What the exercise asks
The copy should hold exactly the lines below from the one that contains "ОФВ) — объем" through the one that contains "وانخفض خام البصرة" and nothing else, so no pictures.

Excerpted data
○ ○ ○ ○ ○

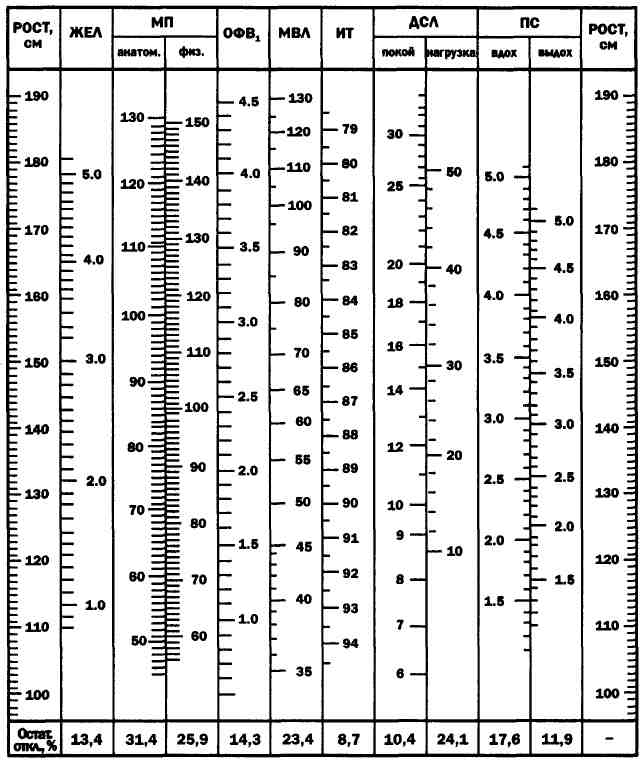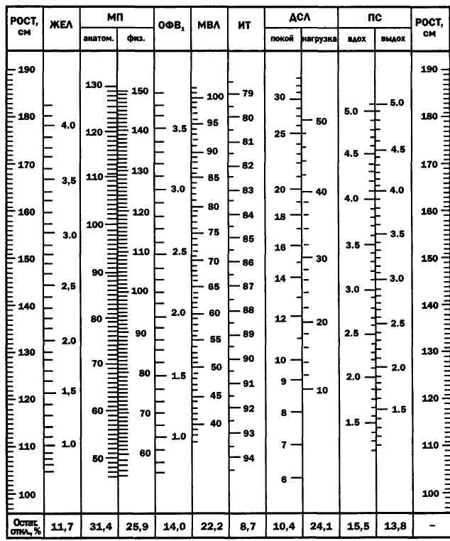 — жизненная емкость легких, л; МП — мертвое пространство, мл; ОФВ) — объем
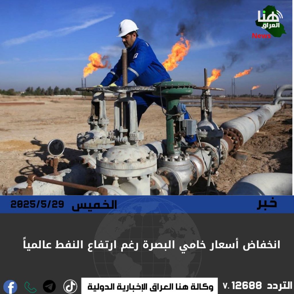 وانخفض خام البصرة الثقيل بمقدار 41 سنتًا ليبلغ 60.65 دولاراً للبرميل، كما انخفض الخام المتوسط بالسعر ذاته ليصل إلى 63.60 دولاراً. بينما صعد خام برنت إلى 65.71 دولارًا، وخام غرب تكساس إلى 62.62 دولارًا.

○ ○ ○ ○ ○

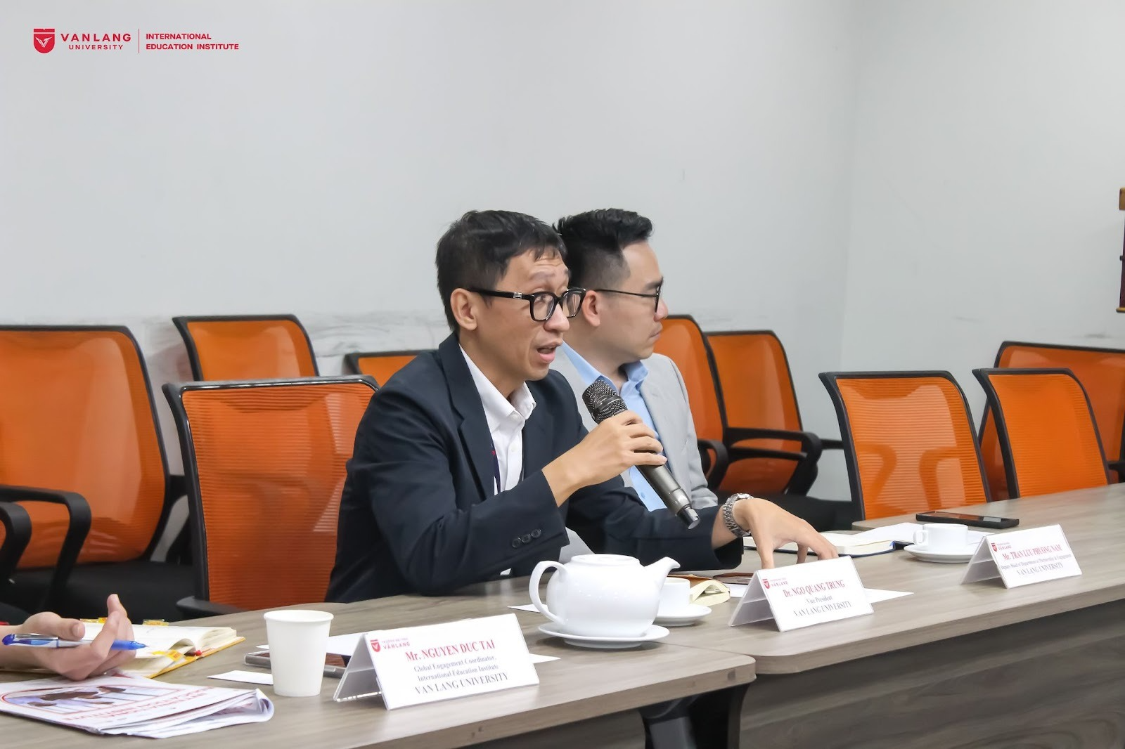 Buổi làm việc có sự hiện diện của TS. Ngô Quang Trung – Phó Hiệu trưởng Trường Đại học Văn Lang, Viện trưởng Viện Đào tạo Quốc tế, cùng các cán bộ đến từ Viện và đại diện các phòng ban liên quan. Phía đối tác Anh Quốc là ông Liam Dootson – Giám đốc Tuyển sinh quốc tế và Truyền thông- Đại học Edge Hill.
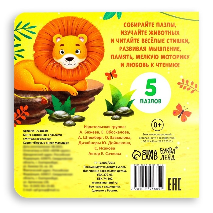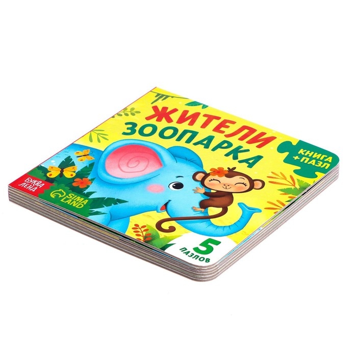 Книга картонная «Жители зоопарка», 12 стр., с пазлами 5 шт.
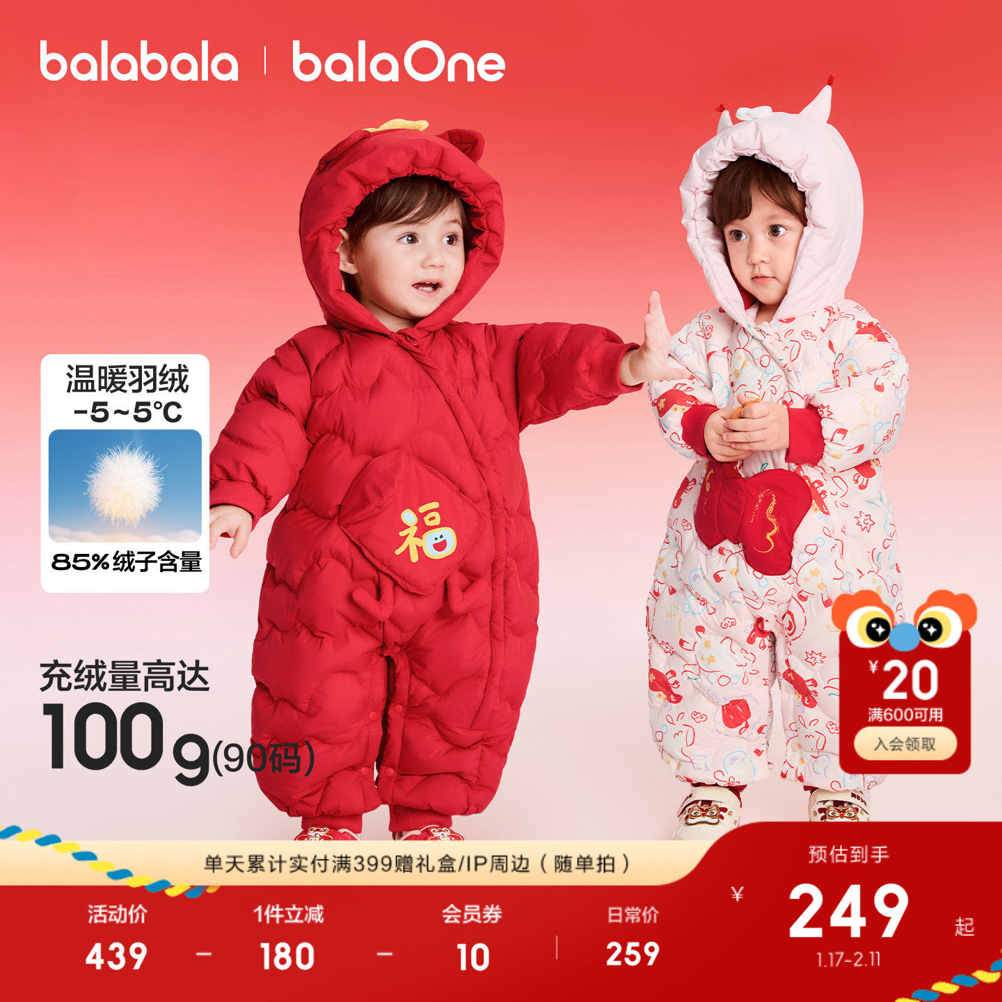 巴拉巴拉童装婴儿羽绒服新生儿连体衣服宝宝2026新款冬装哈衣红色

○ ○ ○ ○ ○

The answer
 — жизненная емкость легких, л; МП — мертвое пространство, мл; ОФВ) — объем
 وانخفض خام البصرة الثقيل بمقدار 41 سنتًا ليبلغ 60.65 دولاراً للبرميل، كما انخفض الخام المتوسط بالسعر ذاته ليصل إلى 63.60 دولاراً. بينما صعد خام برنت إلى 65.71 دولارًا، وخام غرب تكساس إلى 62.62 دولارًا.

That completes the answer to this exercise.